European shares are also expected to open lower, weighed down by the euro's weakness, according to financial spread bettors.
Having gained by more than 4% in less than two weeks, the dollar extended its biggest winning streak against a basket of currencies this year, helped by violent swings in commodities and troubles in the euro zone.
The euro fell as low as $1.4063, its lowest in six weeks, having dropped 5.9 percent from a 17-month peak of $1.4940 hit less than two weeks ago.
An unexpected complication for financial markets this week is the arrest on sexual assault charges of International Monetary Fund chief Dominique Strauss-Kahn.

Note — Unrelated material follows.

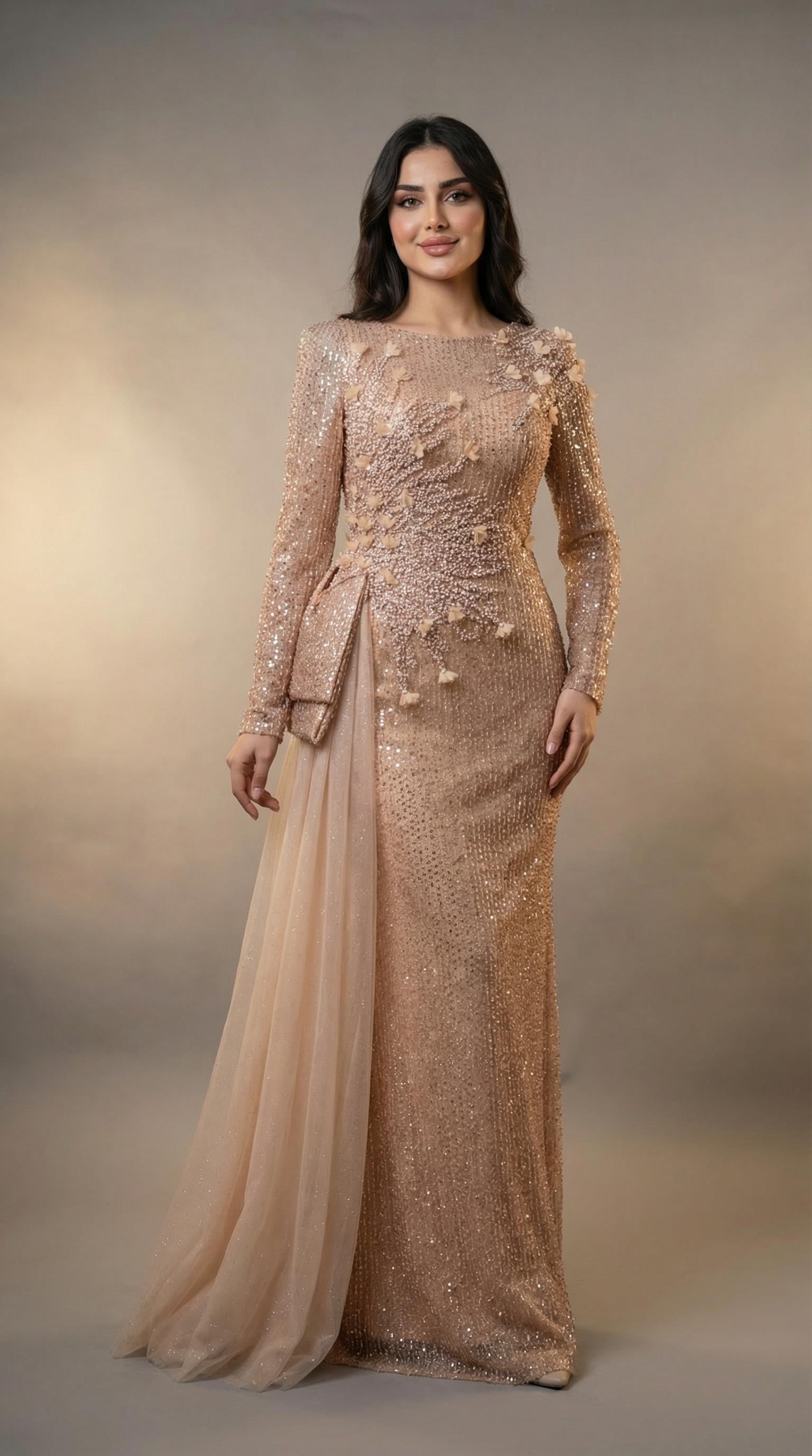 Tül Detaylı Payet İşlemeli Tesettür Abiye Elbise

Cooling demand for risky trades was also evident in commodity markets and Asian currencies, which weakened while safe-haven assets like US Treasuries and Japanese bonds advanced.
"Investors are risk-averse right now," said Jackson Wong, vice president of Tanrich Securities in Hong Kong. "Investors are unwinding their dollar carry trades, and it wouldn't be until probably next month that we see the dollar relenting."

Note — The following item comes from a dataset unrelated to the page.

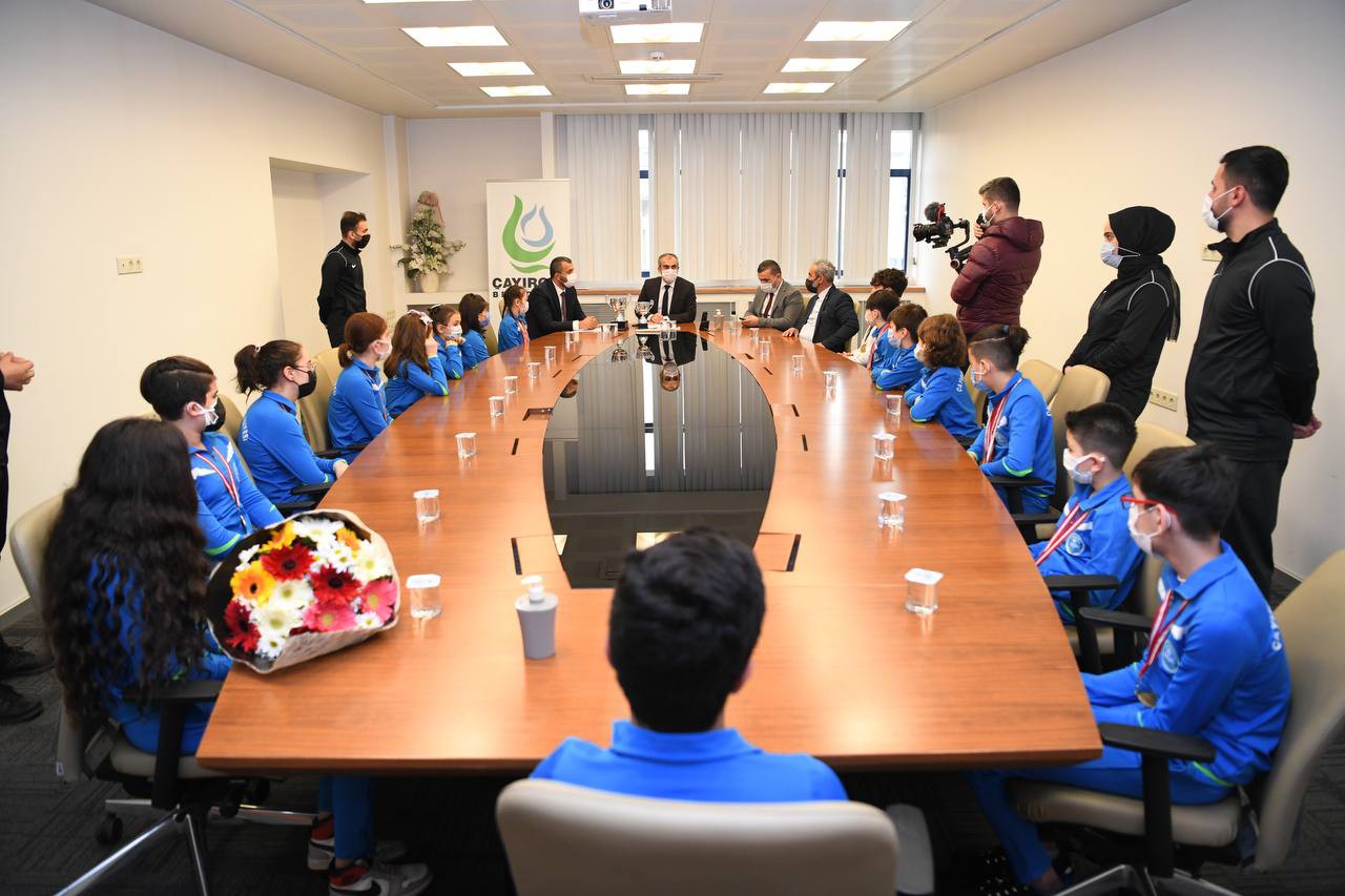 Çayırova Belediye Başkanı Bünyamin Çifçi’nin göreve geldiğinde aktif hale getirip branş sayısını artırdığı Çayırova Belediyesi Eğitim Spor Kulübü, müsabakalarda başarılı sonuçlar elde etmeye devam ediyor. Başkan Çiftçi, Gebze ve Nevşehir’de düzenlenen yarışmalarda dereceye giren yüzme branşı sporcularını kabul etti. Başkan Çiftçi, ÇESK Başkanı Hasan Alkan, Spor İşleri Müdürü Muhammed Nizamoğlu, eğitimciler ve sporcuların katıldığı ziyarette başarılarından dolayı sporcuları tebrik edip hediyeler verdi.

Most stock markets in the region were in the red on Monday with Hong Kong and Jakarta leading losses as funds unwound their positions in resource-related stocks.
MSCI's index of Asia Pacific shares outside Japan was down 1.3%, extending a two-week decline and set for its biggest daily drop since mid-March.
Japan's Nikkei was down nearly a percent with banks among the main losers and Australia's benchmark index fell 1.2%.
While some large bids in the euro are strewn around the $1.4050 to $1.4000 region, just below that, from $1.3900 to $1.4000, is also an area where stop-loss orders are said to be lurking, according to traders.A Greek official told Reuters that Strauss-Kahn's arrest "might definitely cause some delays in the short term," but would not change the IMF's policy on Greece.
A meeting of Eurogroup finance ministers, followed by an Ecofin meeting of EU finance ministers on Monday, could provide further direction for the euro.
Weighing on the euro has also been weakness in commodities with oil and gold softening after recent sharp volatility.
"The euro had been bought only because rising commodity prices were fueling expectations of more rate hikes in the euro zone. With commodity prices clearly running out of steam, there's no reason to buy the euro," said Daisuke Karakama, market economist at Mizuho Corporate Bank and a long-time euro bear.